July 3, 2007 12:35 am

stcourthouse2.jpg

This is an early architectural rendition of the U.S. 1-Courthouse Road crossroad in a future Downtown Stafford. Notice the statue in the middle of the intersection. One official observed: 'VDOT would never let them put it up.'

by Hugh Muir

Residents packed the Board of Supervisors chambers last week for a show-and-tell version of "the vision" of a future downtown Stafford.

"When I moved to Stafford County 21 years ago, I found I was in a place nobody knew about," said Paul Milde III, Aquia District Supervisor and chair of the meeting. "There was, it appeared, no 'there' there. Once, when I called 911, I told them I was in Stafford, they said there was no such place."

A dozen key officials involved in the creation and development of a "Downtown Stafford" told the audience Thursday that such a place is long overdue and very much on their minds. And, they said, its completion is some 20 years down the line.

But in any case, said Brad Johnson, Stafford redevelopment administrator, "This is not just our vision; we also want public input. Tonight is one of many such forums."

"All roads lead to the Courthouse," said Jeffrey Harvey, county planning director, "but we don't have a town.
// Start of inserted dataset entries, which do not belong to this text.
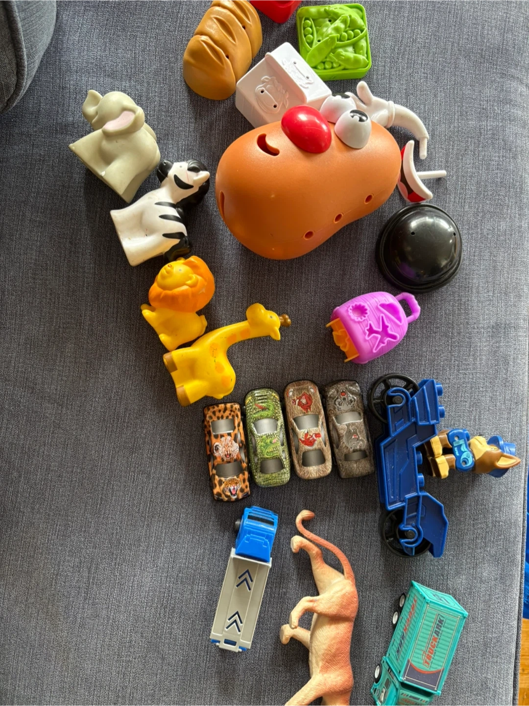 Selling a mixed lot of toys, including a Mr. Potato Head with accessories, animal figures, and toy cars. Perfect for a young child's playtime!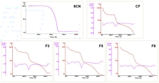 Thermogravimetric curves of 2-amino-4,5,6,7-tetrahydrobenzo[b]thiophene-3-carbonitrile (6CN), blank chitosan film (CF), and 6CN-chitosan films with 6CN concentrations of 0.48 mg·mL−1 (F3), 0.80 mg·mL−1 (F5), and 1.28 mg·mL−1 (F8).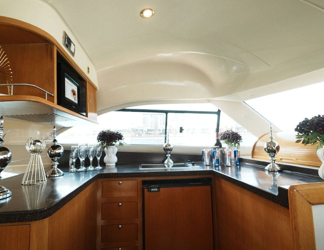The open deck provides plenty of space to socialise and soak in Dubai’s skyline views, while the inviting saloon offers a comfortable retreat indoors. With captain, crew, and fuel included, every part of your journey is taken care of.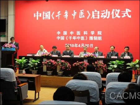 2010年4月20日上午,我國大型電視系列片中國《千年中醫(yī)》啟動(dòng)儀式在中國中醫(yī)科學(xué)院舉行。該項(xiàng)目由中國千年文化工程攝制委員會(huì)組織拍攝,是中國千年文化系列電視劇目中的一個(gè)重要組成部分。該項(xiàng)目在國務(wù)院《關(guān)于扶持和促進(jìn)中醫(yī)藥事業(yè)發(fā)展的若干意見》發(fā)布一周年之際啟動(dòng),正是文化宣傳系統(tǒng)與中醫(yī)界聯(lián)手宣傳中醫(yī)藥文化、推動(dòng)中醫(yī)藥發(fā)展、落實(shí)國務(wù)院意見精神的重要舉措。
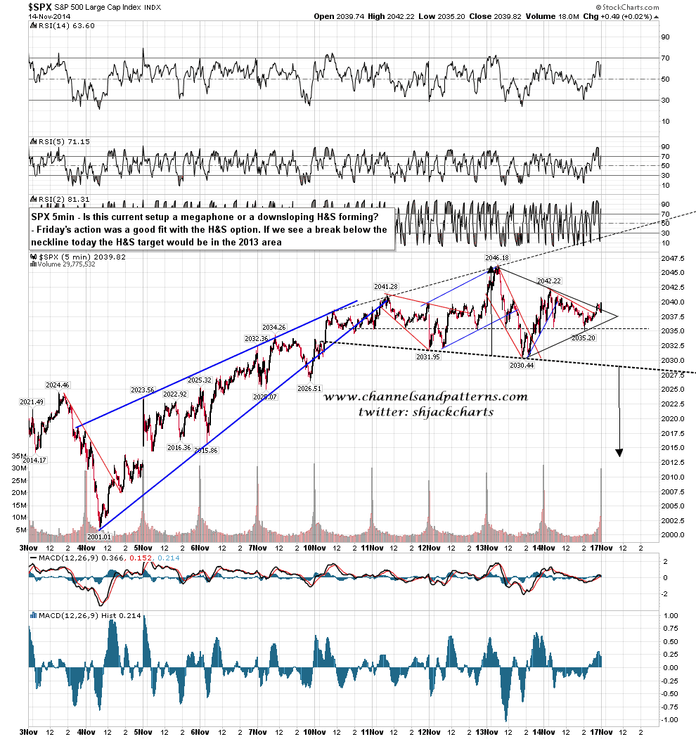 In terms of a retracement target the H&S that I posted on Friday looks pretty good here and if the neckline breaks today the target would be in the 2013 area. SPX 5min chart: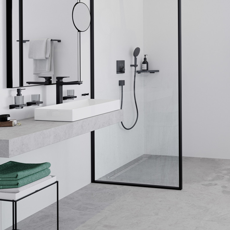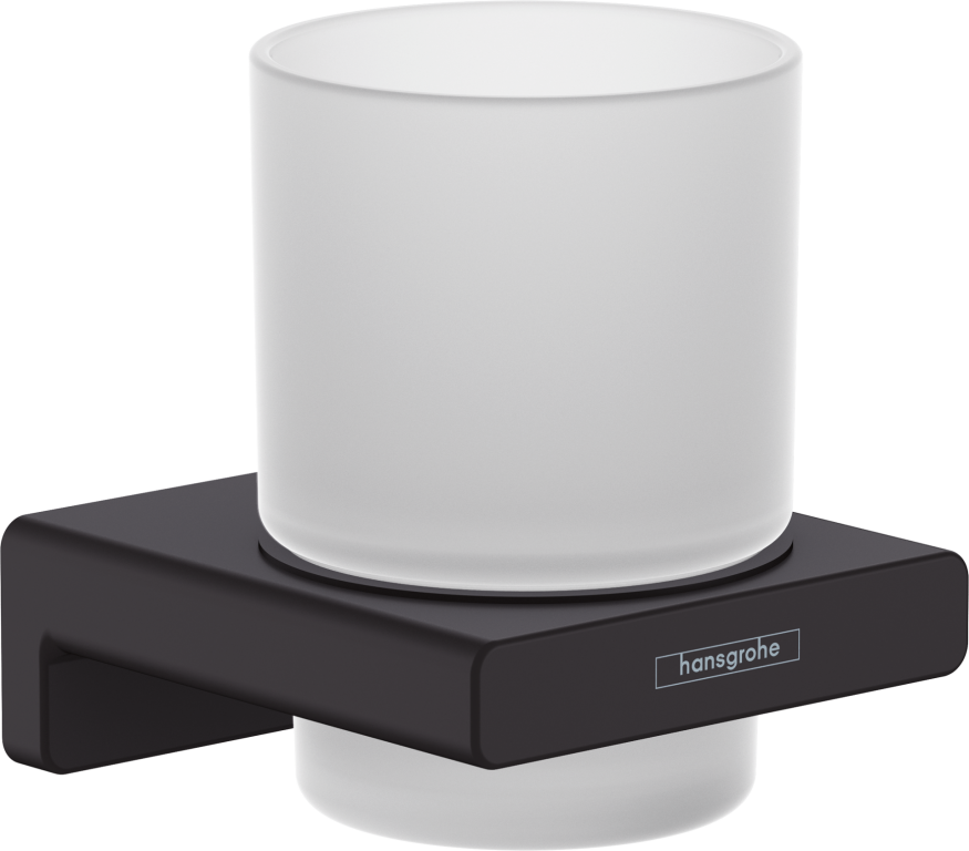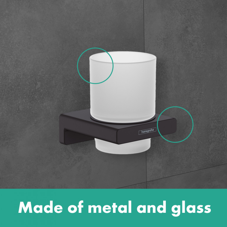 And the hansgrohe quality keeps the promises made by the premium design: THet AddStoris toothbrush tumbler is made of glass (94x68 mm). This product is both a sustainable use of resources and it reduces the amount of plastic in bathrooms. The wall support’s metal surface finish in a matt black colour is easy to clean and is one of the colour schemes in the range of hansgrohe special surface finishes for taps (FinishPlus). So everything can match perfectly.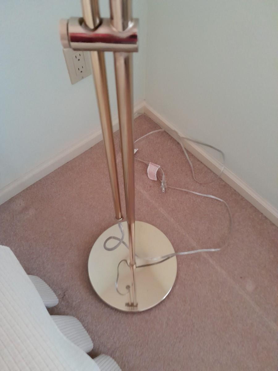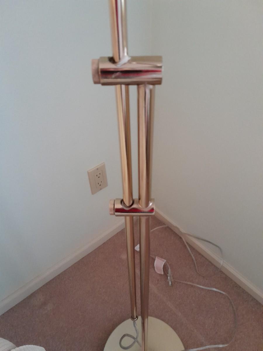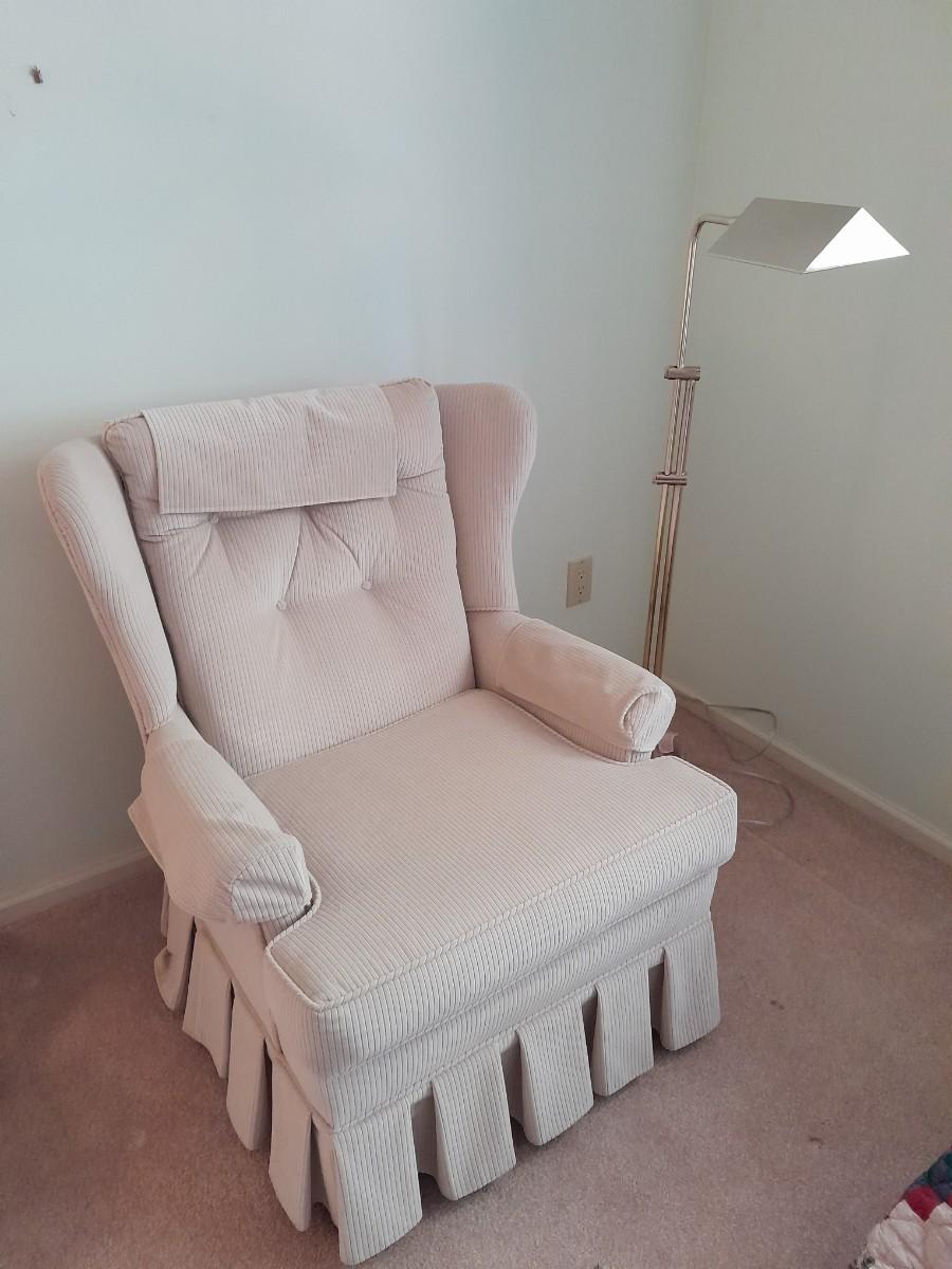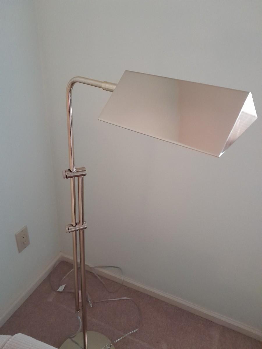 NICE CLEAN ARMCHAIR 33" X 28" X 25" WITH ADJUSTABLE BRASS FLOOR / OFFICE LAMP

This plan seeks to create a town center, with shopping and market areas, a cultural center, wider roadways, more sidewalks, pedestrian overpasses and expanded courthouse facilities." The center would be within a half-mile circle pinpointed on the Courthouse.
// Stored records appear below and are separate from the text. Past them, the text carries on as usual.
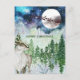This Xmas, anyone would love to receive this beautiful, unique watercolor Merry Christmas postcard featuring Santa and his reindeer going across the night sky and a deer in a forest with a lake and snow out in nature.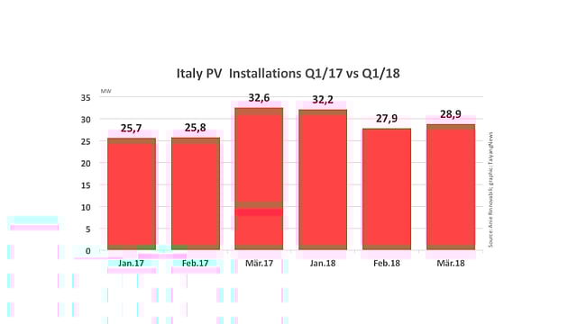 In January 2018, the new installations amounted to 32.2 MW, and in February 27.9 MW. In the month of March 2018, newly added capacity was 28.9 MW, decreasing from 32.6 MW added in March 2017. Italian Renewable Energy Association Anie Rinnovabili has put forward these numbers based on data assembled from Terna, the country's grid operator.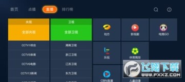 3、打开后,进入最上面一排的直播界面,然后界面有国内所有电视台频道还有全面的网络频道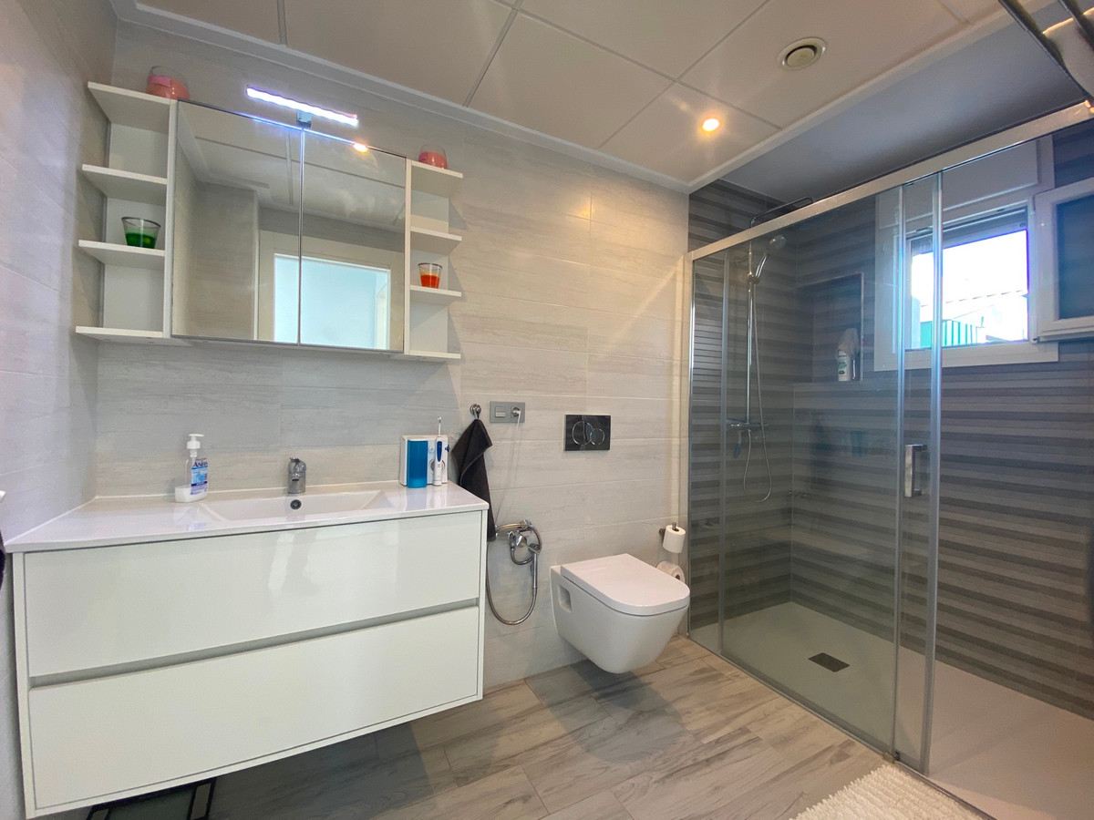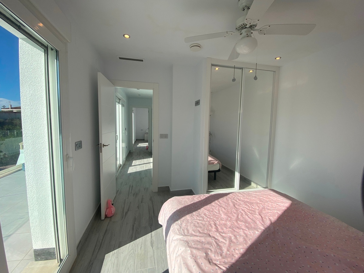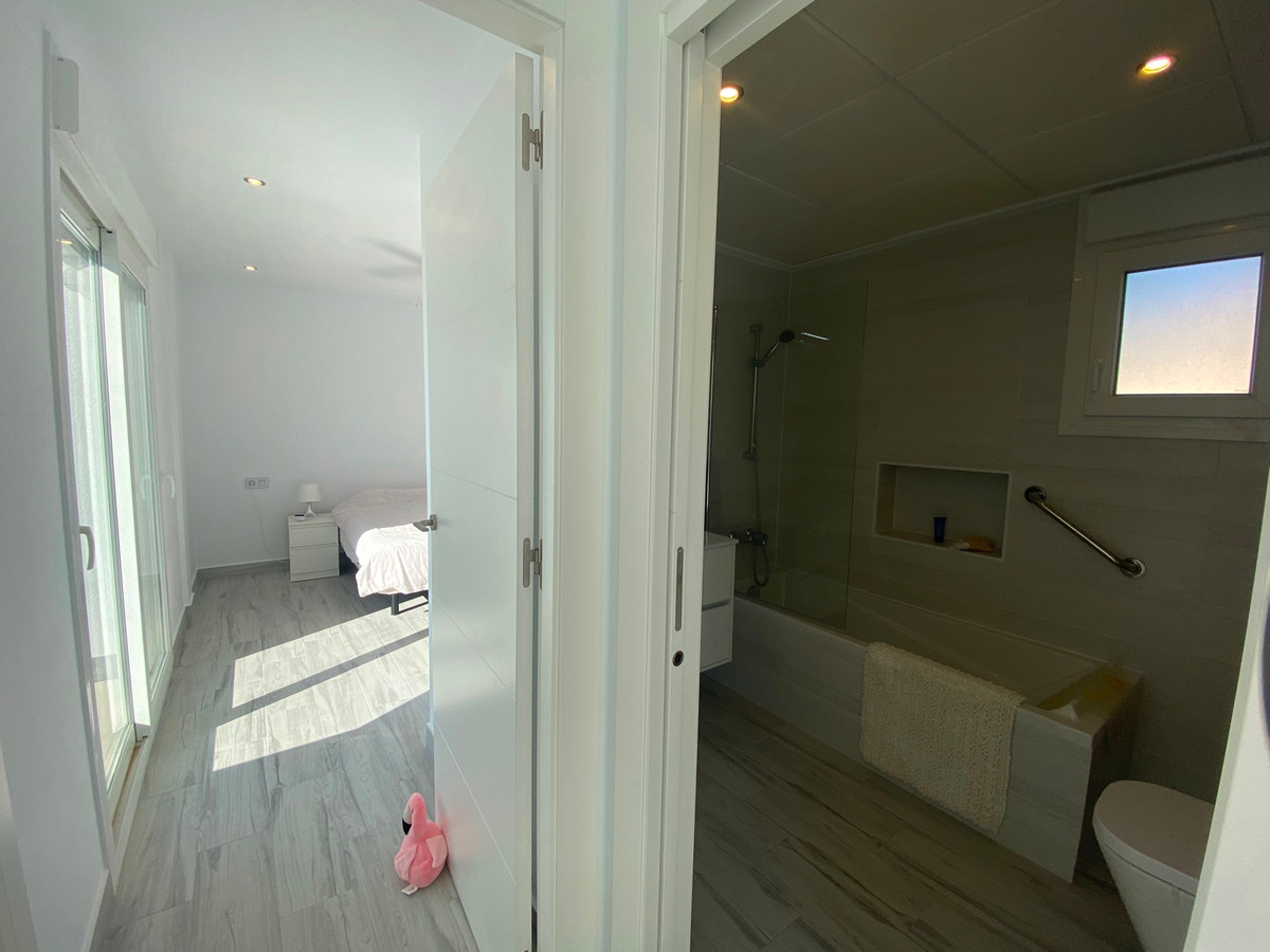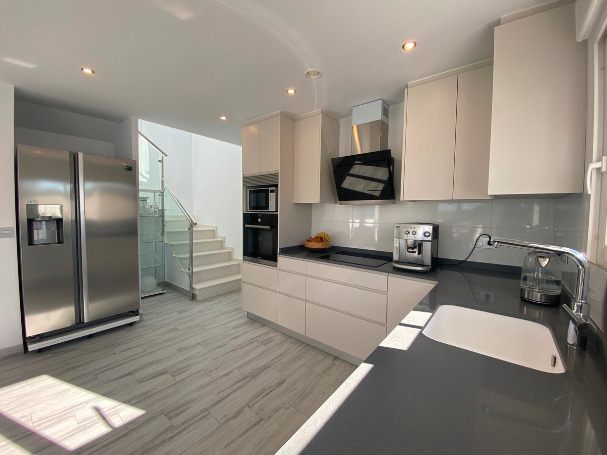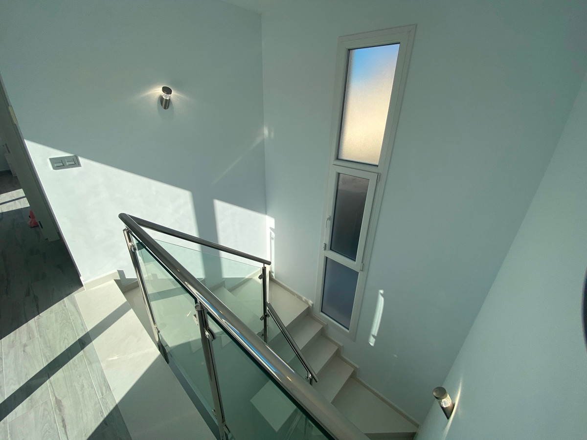 With enthusiasm we present you this beautiful luxury villa located in Quesada. To the left of the entrance is the outdoor barbecue, followed by the swimming pool with a large terrace with a view. To the right of the entrance is the private driveway with storage where the batteries for the solar panels of the house are housed. The house has 3 bedrooms and 2 bathrooms. Upon entering you enter the open plan living and dining area. Nicely equipped open kitchen with all mod cons. On the ground floor there is 1 bedroom and 1 bathroom. A beautiful light staircase takes you to the first floor where there are 2 bedrooms and 1 bathroom. All bedrooms have large sliding doors to which you can go directly outside. There is an open balcony / roof solarium with outdoor kitchen where you can enjoy the sun. There is a heated swimming pool, 8 solar panels and this property has been designed and installed with the highest quality materials and innovative systems such as air filtration, underfloor heating and much more! The house is sold fully furnished.

At present, the only existing part of a future downtown Stafford is the Government Administration Center, which includes the already overstrained courthouse. But the key to such development, Harvey said, is a new interchange between Interstate 95 and Courthouse Road. The present crossroads at U.S. 1 and Courthouse Road can hardly handle the traffic peaks that come from I-95 now.

That led David Ogle, the district administrator for the Virginia Department of Transportation, to wryly warn that, without a new interchange, "all of the free-flow traffic you are experiencing now will continue." The audience responded with laughter.

Ogle said a new interchange, involving a complex series of cloverleaf roads and overpasses, would be built perhaps a quarter mile south of the present simple on-off link between the interstate and Courthouse Road. A new multi-lane highway would connect I-95 to U.S 1 in the east and to a rerouted Courthouse Road in the west. It would end the traffic jams at the Courthouse Road and U.S. 1 intersection.

The eastern traffic flow from the new interchange would intersect U.S. 1 half a mile or so south of the present courthouse crossroads, near where the new Medicorp hospital is going up.

Ogle said the timing of the new interchange also depends on another highway project: the extension of the HOT lanes south from Quantico. Ogle said construction of those express lanes would take six or seven years, and that advertising for the job is still four or five years away.

That means the beginning of work on the new interchange could be in 2017-2019, which appears to roughly mesh the 20-year outlook for a Downtown Stafford with the VDOT schedule.

Aside from the major projects already under way or announced, such as the hospital and a new public safety building on Courthouse Road, what will Downtown Stafford be like?

"We are developing a vision of what we would like to see, but we don't expect to mandate the specific types of businesses or shops," said Development Administrator Johnson. "We seek public input on that."

"We want development that is appropriately scaled for a town center," said Deputy County Administrator Anthony Romanello. said. "We want to make it shopper friendly, pedestrian friendly, commute friendly, corporate friendly."

"An Old Town Alexandria type of thing," Milde suggested at the end of the two-hour forum.